Currently, however, CFOs and their benefits teams receive surprisingly little data, according to Garis. Typically they get a statement that says only “pay this amount” or that merely provides information on a broad group of pharmaceuticals — like payouts out for “the bellyache drugs,” Nexium, Prevacid, and Protonix. Adds Garis, “The exquisite detail that has to be present [for the] pharmacy benefit to work is noticeably absent.”
Getting those details has been hard for individual employers, so many are banding into consultant-run collectives to push for closer audits and clearer pass-through arrangements. In addition to the Health Policy Association, run by Hewitt Associates, the Rx Collaborative also boasts more than 50 members; it is administered by Towers Perrin.
Seeking to push PBM incentives into line with employer goals, the Rx Collaborative pledges that members will seek financial and contractual protections in their drug-benefit agreements, according to a Towers Perrin publication. Among them are price transparency via “full disclosure” of PBM revenue sources; “100 percent pass-through of rebates, discounts, and dispensing fees”; and enough information to audit the PBM.

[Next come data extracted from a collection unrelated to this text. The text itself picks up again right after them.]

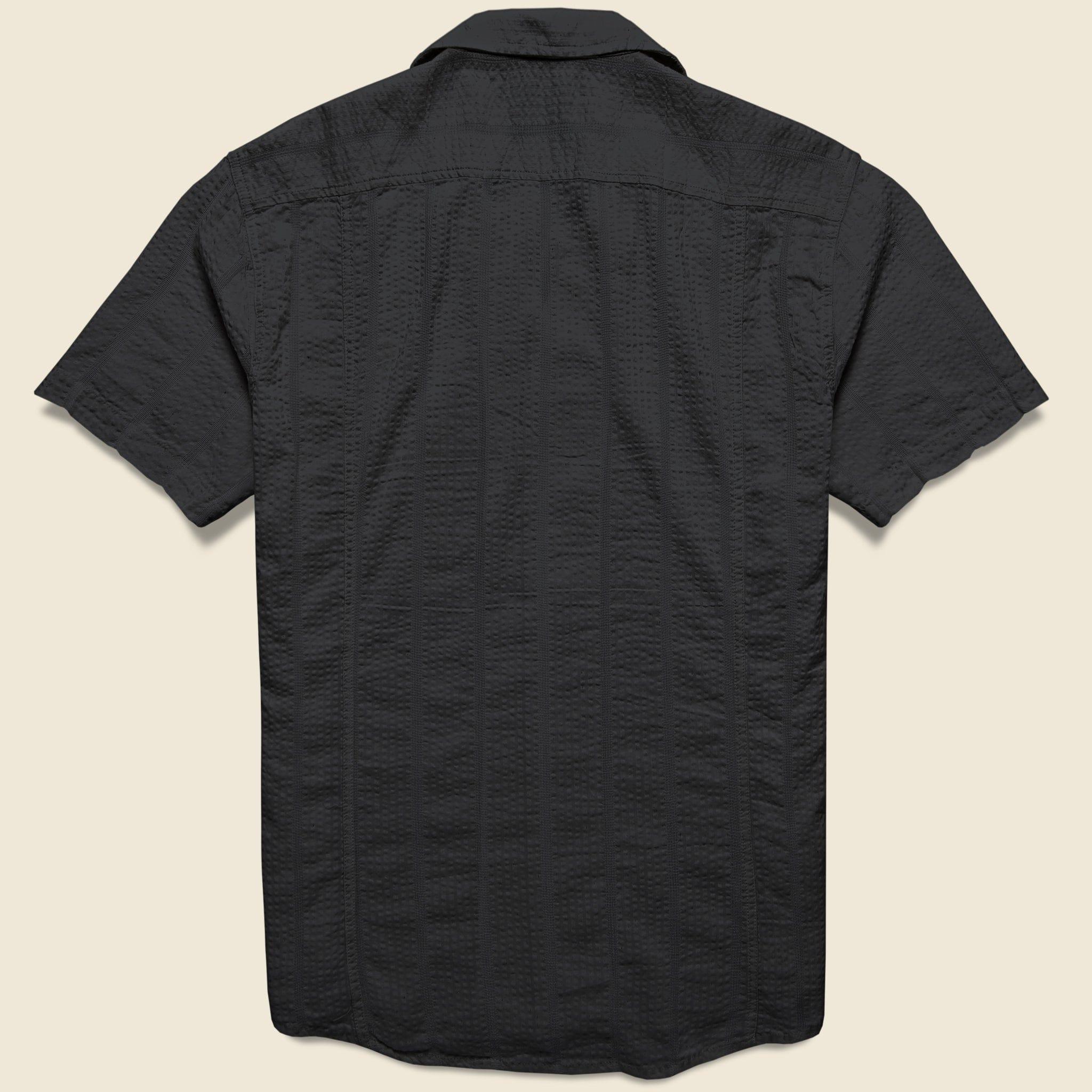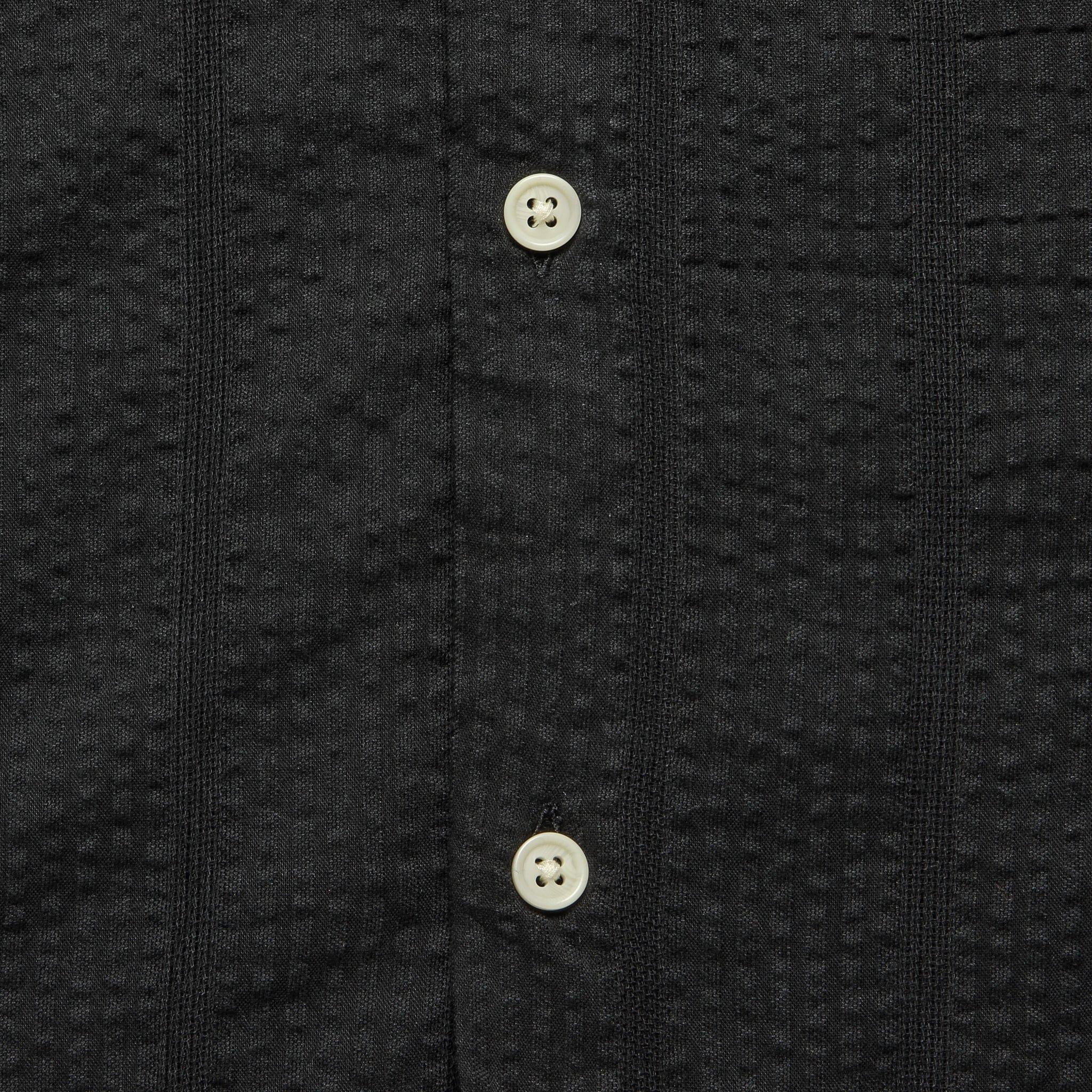 This Striped Seersucker Shirt from New York City-based brand Corridor is made with a custom milled, lightweight, and breezy cotton seersucker that’s woven with a subtle stripe pattern. Great for beachside strolls and BBQs, it’s got a perfectly relaxed fit with modern short sleeves and a single pattern-match chest pocket for a super clean look that’s ready for summer. Lightweight cotton seersucker Subtle woven stripe pattern Pattern-match chest pocket Button placket Slightly curved hem Modern short sleeves Relaxed fit that runs true to size We recommend taking your normal size or taking one size down for a slimmer fit Materials: 60% cotton 40% viscose The following measurements are for size Medium: Chest: 44" | Sleeve: 19” | Shoulder: 18” | Length: 28”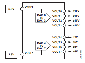 根據(jù)AD5362的描述,我們了解到器件內(nèi)部DAC0-DAC3使用一個基準源VREF0,DAC4-DAC7使用另外一個基準源VREF1,所以可以利用不同的基準電壓值來實現(xiàn)不同的DAC輸出范圍,如下圖(圖2)所示: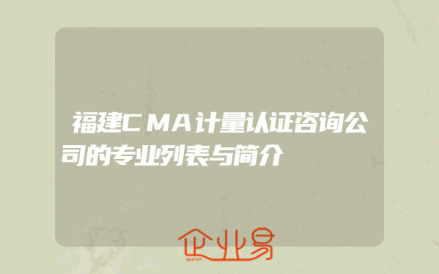 - 福建CMA计量认证咨询公司的专业列表与简介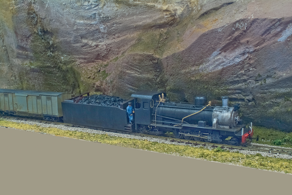 The company gritted their teeth and curled a line up to the village and on to the mine. To cope with the gradients, it had to zigzag up the mountainside, permitting only the shortest of trains.: |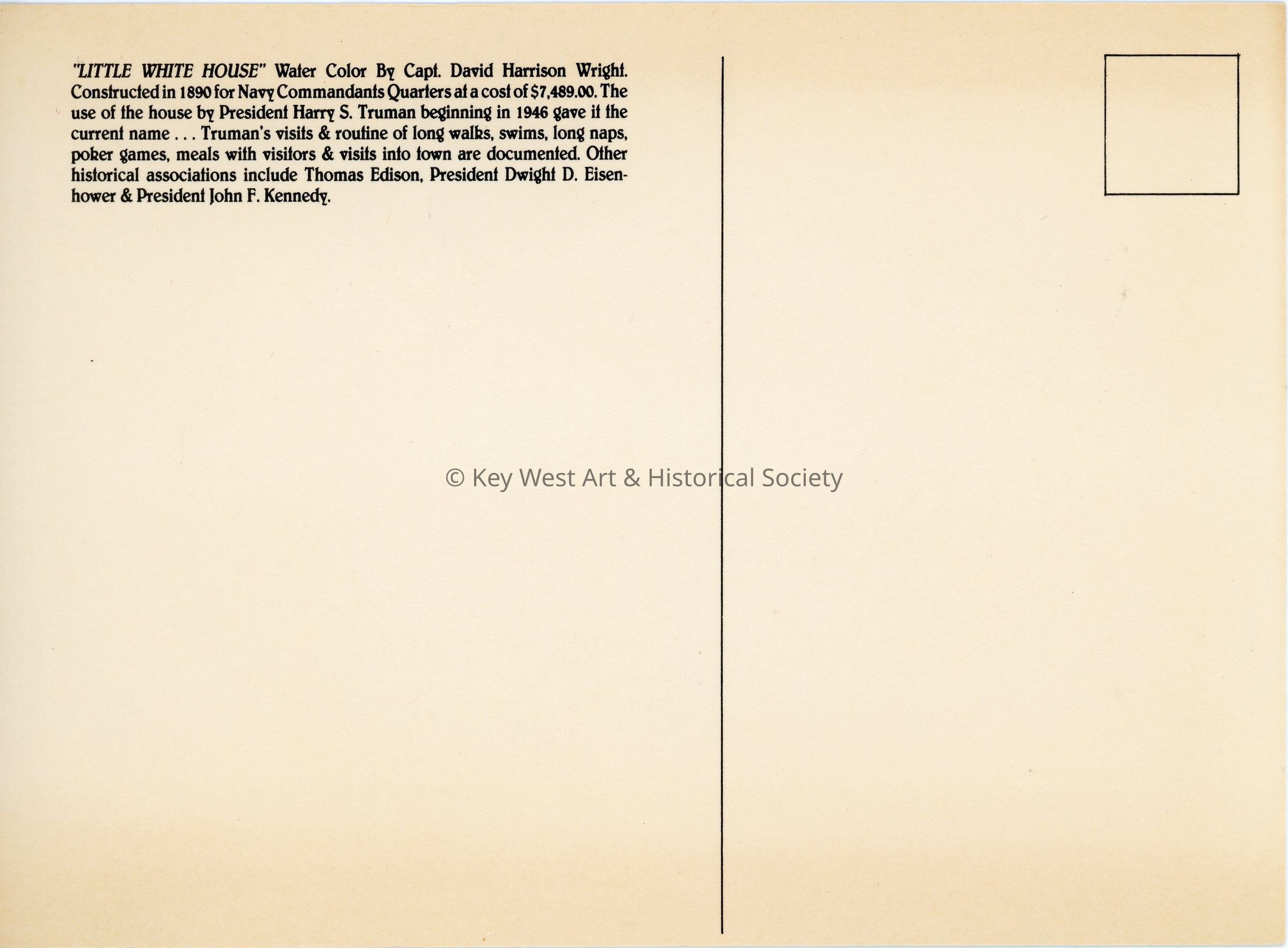 Postcard with a watercolor illustration of the Little White House Quarters 'A' circa 1900-1918. The building was originally constructed as Navy Commandants Quarters in 1890. The original painting was completed by David Harrison Wright in 1986.  Notation on verso, 'Little White House' Water Color by Capt. David Harrison Wright.  Constructed in 1890 for Navy Commandants Quarters at a cost of $7,489.00.  The use of the house by President Harry S Truman beginning in 1946 gave it the current name...Truman's visits & routine of long walks, swims, long naps, poker games, meals with visitors & visits into town are documented.  Other historical associations include Thomas Edison, President Dwight D. Eisenhower & President John F. Kennedy.'Subject Person/Organization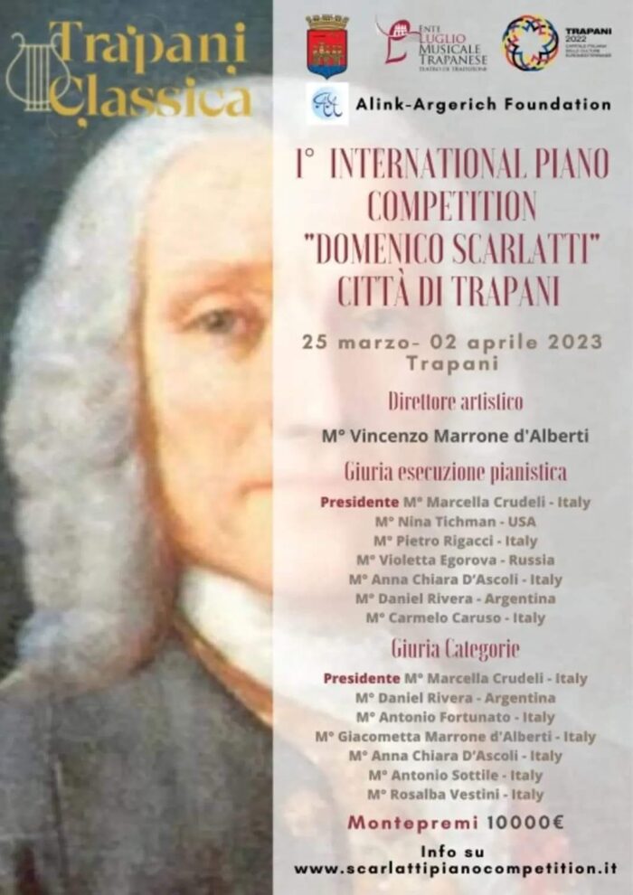 Comincia il conto alla rovescia a Trapani per il 1° International Piano Competition “Domenico Scarlatti” – Città di Trapani, competizione di primo livello, organizzata in collaborazione con il Comune di Trapani e l’Ente luglio musicale, che richiamerà giovani e geniali pianisti da tutta Italia e dal mondo, inserita nell’ambito della Fondazione Alink – Argerich, Centro mondiale indipendente di informazioni e servizi per musicisti e concorsi. L’evento è in programma dal 25 marzo all’1 aprile.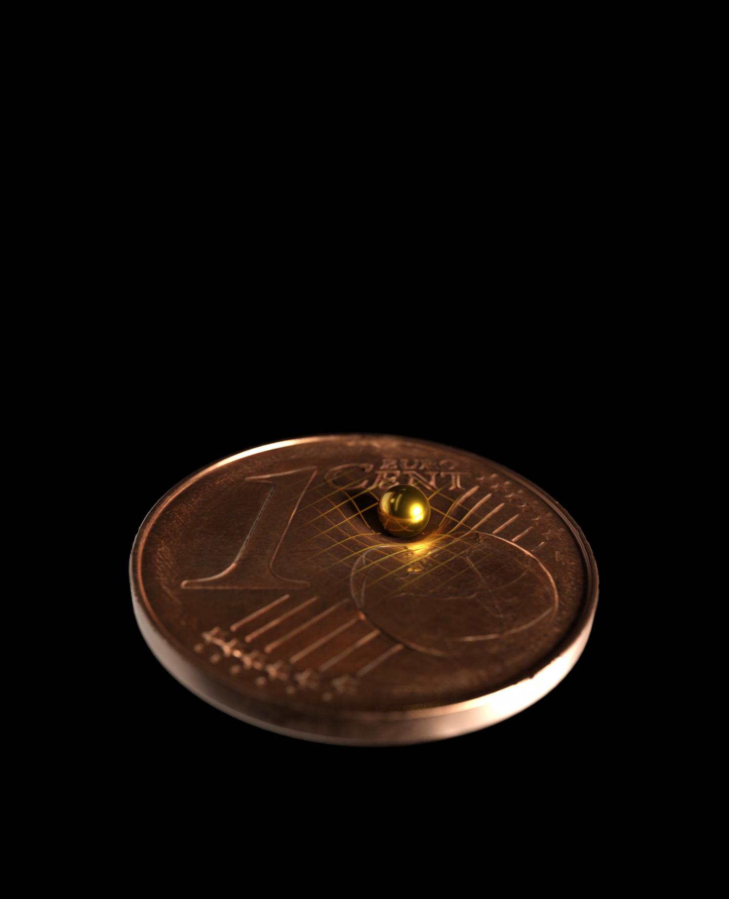 image: The gold ball used in size comparison with a 1 cent coin. According to Einstein's general theory of relativity, every mass bends space-time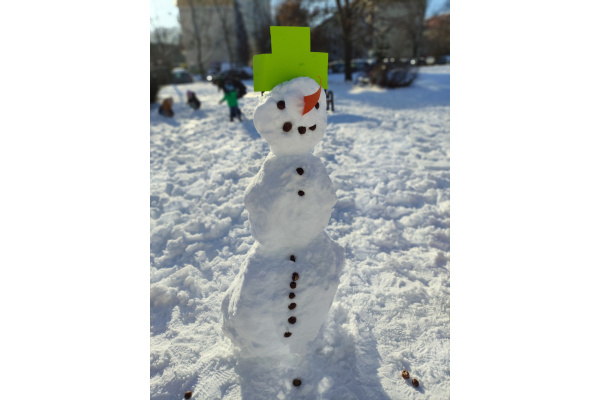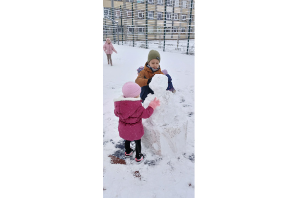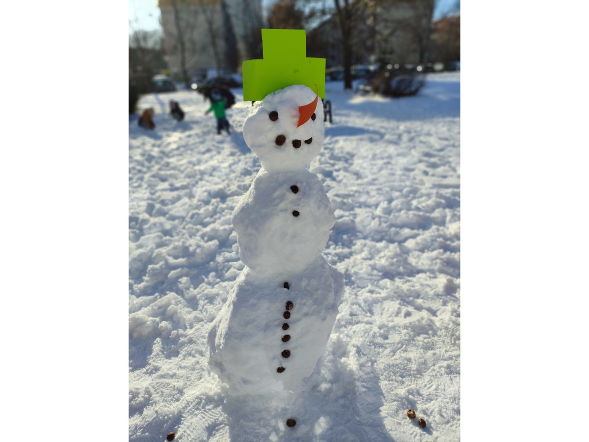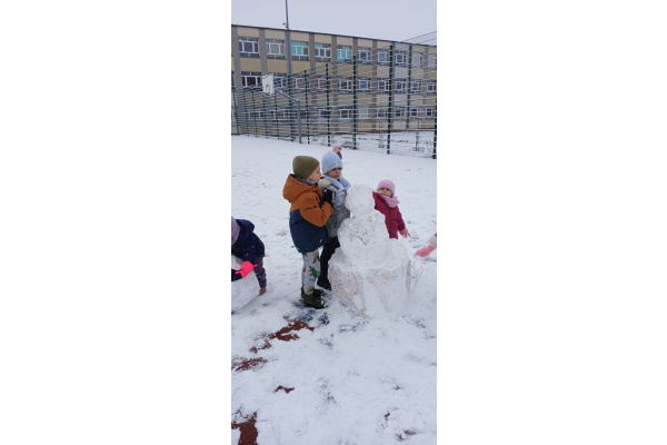 Bałwan rośnie w środku placu,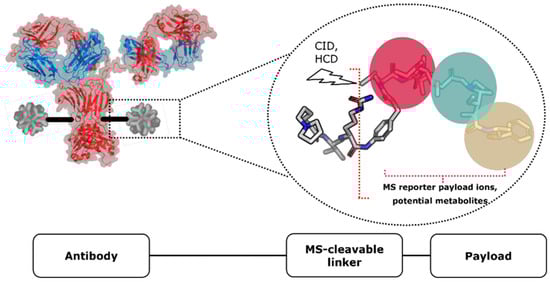 Schematic structure of an antibody–drug conjugate (ADC) and potential strategies for mass spectrometry characterization. The most common strategy is to characterize ADCs via intact protein or bottom-up LC-MS analyses, making it harder to identify antibody-conjugated payload metabolites (MS1-only strategy). An alternative strategy can be applied by taking advantage of the cleavability feature of the linker. This approach promotes the formation of payload fragments in the gas phase during mass spectrometry analysis. By triggering MS2 fragmentation, this method enables the potential identification of small molecule metabolites derived from the ADC payload.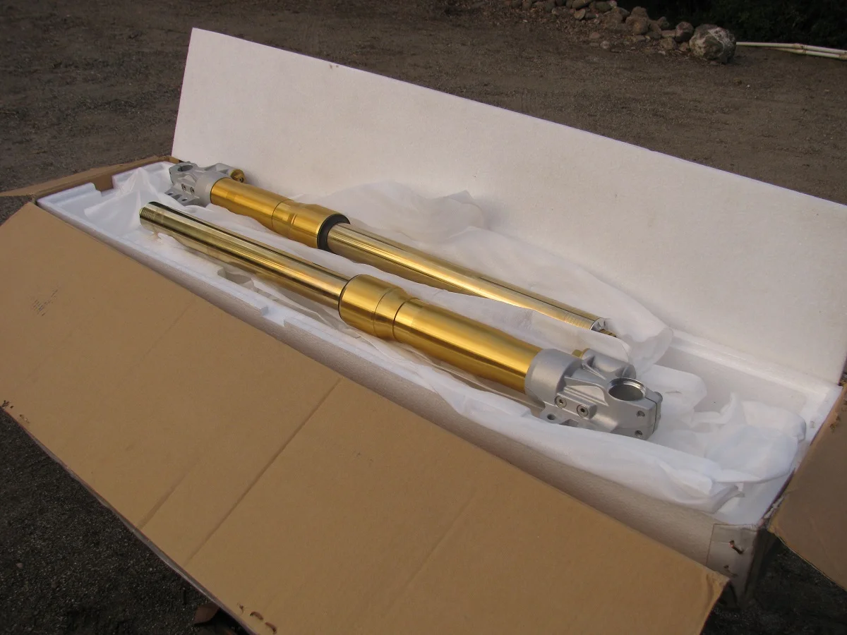 And these are the forks. They are Ohlins superbike forks, the same ones Kenny Dreer used on some of his first 952 bikes. I still have to make some triple clamps for them, but I'm getting pretty close to being able to have a rolling chassis with engine.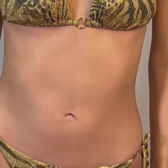 Un classico intramontabile dal fascino elegante e sensuale. Questo bikini Luli Fama a triangolo scorrevole in raffinata texture a stampa animalier dai riflessi dorati è decorato da un anellino al centro.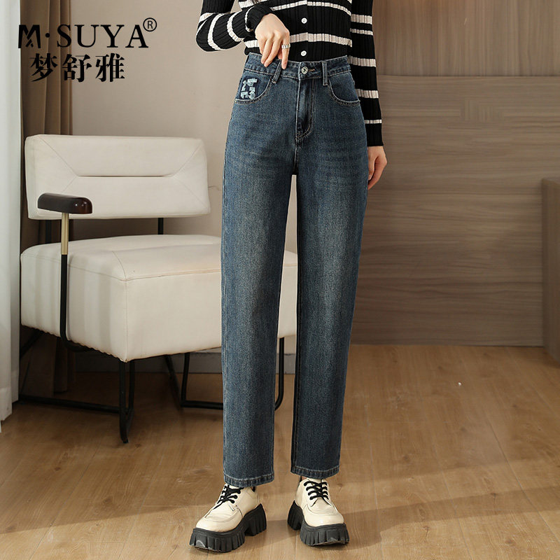 梦舒雅女裤2023秋冬19589322新品显瘦大尺码加绒加厚直筒牛仔椎板

With all the criticism of pharmacy benefit managers, it’s fair to ask whether they’re still needed at all. Handling drug benefits in house, however, is not in the cards. “Somebody’s got to adjudicate the claims,” says Ron Lyon, national pharmacy practice leader with Towers Perrin, adding that PBMs do still provide substantial discounts. The problem, he adds, is that while PBMs still provide considerable value to employers, they’re not providing “as much value as they could.”